Als sie das gesagt und den Kopf wieder weggewandt, bemerkte er, seitwärts hinlauschend, wie ihre Augen eine Sekunde an dem gegenüberliegenden Fenster hafteten, ehe sie wieder auf die Arbeit niedersanken.

»Wir haben heute Ihr Leibgericht, Heinrich, eine sehr gute Klößesuppe.

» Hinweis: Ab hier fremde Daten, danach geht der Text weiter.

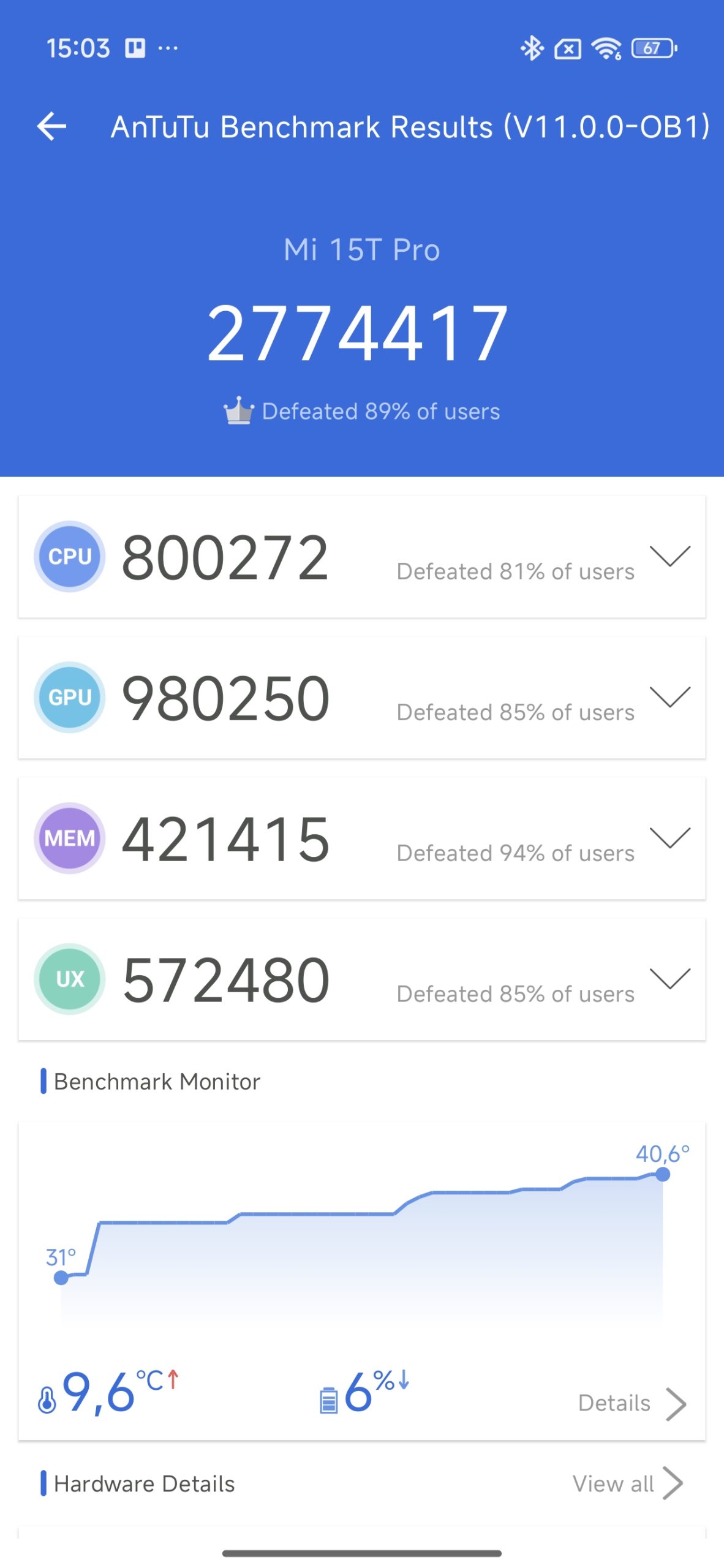 A co to znamená v praxi? Na běžný chod telefonu to bohatě stačí, stejně jako na pohánění AI funkcí. Také veškeré hry, včetně těch nejnáročnějších, si zahrajete na vysoké detaily. Výkon je prakticky neomezený a Xiaomi 15T Pro zvládá vlastně vše na jedničku.

Sie ist in der That vortrefflich, und ich rate Ihnen mitzuhalten.«

Bei dem Worte Klößesuppe dachte der Photograph an seine selige Großmama, und ihm fiel die Erzählung von dem Chantons, buvons, traleralera mit allen Folgen ein. Frau Witwe Weiher führte auch eine recht gewandte Hand, und er hatte Rosa in früheren Zeiten oft bedauert, wenn eins ihrer kleinen Ohren mit den dürren Fingern der Mama in Berührung gekommen war. Jetzt aber hatte er im Innersten der Seele den frevelhaften Wunsch, diese zehn Finger möchten als das Schwert des Damokles über dem Haupte Rosas schweben, eigentlich nicht um dreinzuschlagen, sondern nur um ihr die schönen Augen zuzuhalten, jedesmal, so oft sie einen so schlimmen Gebrauch davon machen wolle.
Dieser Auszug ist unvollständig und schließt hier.